Reflecting on studio practice (woven samples):

As said in the previous post, when I first started weaving the samples I had no plan of a specific weaving structure. Without a scheme I began to use the yarns in different combinations. I would like to use an holistic approach, trying not to think about all the single components (fibers and yarn in this case) that together make the fabric but considering it as a whole. In fact, when we “experience” a fabric touching it, we regard it as a single piece and we do not focus on the fact that it is a mixture of different components woven together.
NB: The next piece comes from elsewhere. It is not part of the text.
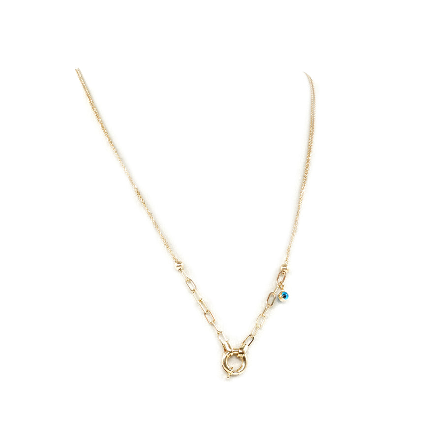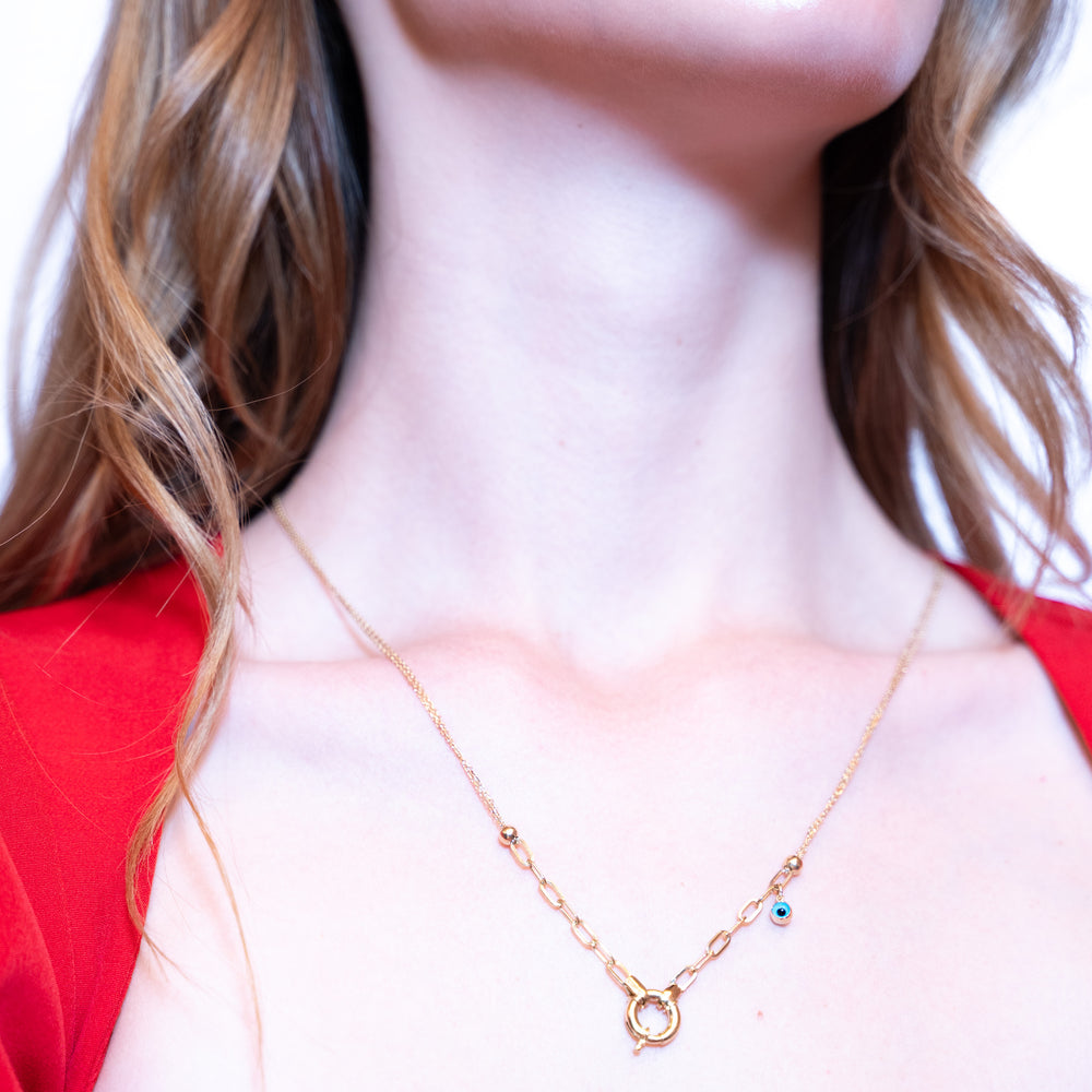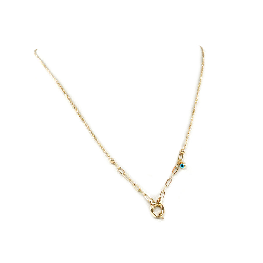 14 Ayar Altın Nazar Boncuklu Çift Zincir Kilit Detaylı Zincir

The reason why I wanted to experience this kind of “free” weaving is because I wanted to find inspiration directly from the fibers. My whole research hovers around the haptic/tactile sensations of fabrics so I started thinking that those feelings could not be framed in a settled and defined pattern but had to come from my heart.
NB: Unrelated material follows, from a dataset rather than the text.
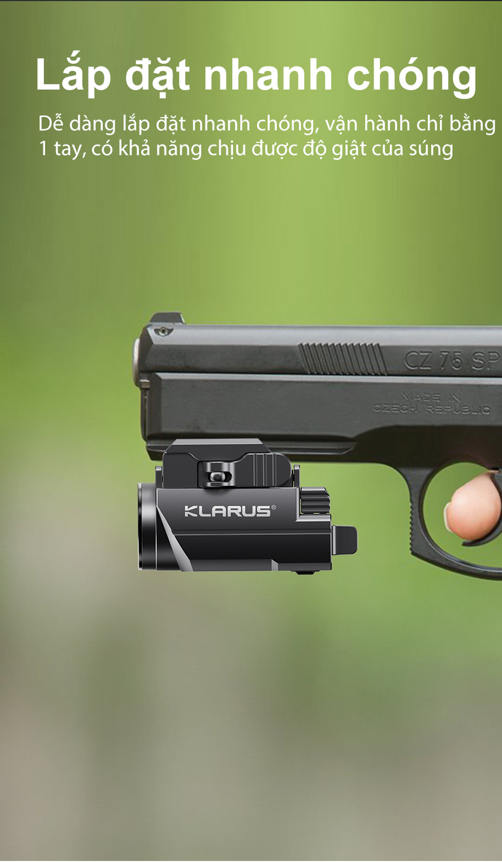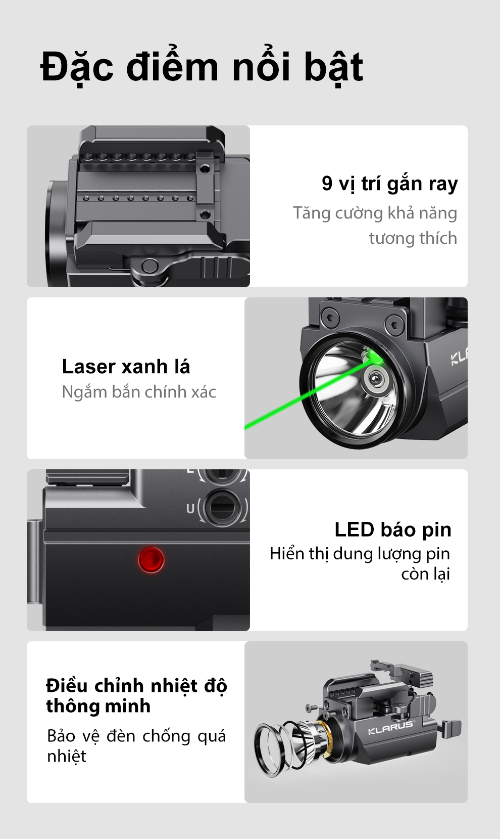 Đèn pin đặc chủng KLARUS GL2 có độ sáng 1000 lumen, tầm chiếu xa 154m cùng kích thước nhỏ gọn được gắn với công cụ chuyên nghiệp trên ray, điểm đặc biệt là đèn có laser xanh giúp hỗ trợ ngắm bắn từ xa. Đèn tương thích với các loại ray Picatinny 1913, M-lok trên các loại sản phẩm chuyên dụng cho các lực lượng thực thi pháp luật,...

Being guided only by the sensory (and visual) evaluation I created my first few samples.

Juxtaposing raw silk and hemp for instance, I created some simple textile with a satisfying hand (at least from my point of view). I also wanted to incorporate in that plain samples some outgrowths parts and for the purpose I used a bunch of wool fiber that I collected from the mill visit in Bradford. Those outgrowing components certainly collide with the more rough materials but in a sense they also contribute to balance the visual/sensory evaluation.

As Harkasalmi T. and Koskinen I. wrote in the research paper about linseed fibers ( Harkasalmi, T., Koskinen I. 2010) it is impossible to quantify the emotions and sensations that arise when we experience a raw material with a single physical property as the comfort sensation has a multidimensional attributes. In the same paper, they also agree that In most cases it’s the fabric handle that persuade the costumer to buy a product.

As I’m convinced that no one will ever buy a cloth or an accessories only for its roughness, I need to find a way to blend raw/rough yarns and soft ones together. My studio research is now characterized by this sense of balance that I must develop further.

References list:

Harkasalmi, T., Koskinen I. (2010) DUCK: Journal for research in Textile and Textile Design vol.1, What is Textile Design Research?: Multi and Interdisciplinary Nature of Textile Design Research of Linseed Fibers [Online, pdf version] Available from:
http://www.lboro.ac.uk/microsites/sota/duck/4.%20Multi%20and%20Interdisciplinary%20Nature%20of%20Textile%20Design%20Research%20of%20Linseed%20Fibres%20-%20Tiina%20Härkäsalmi%20and%20Ilpo%20Koskinen.pdf [Accessed 15 November 2015].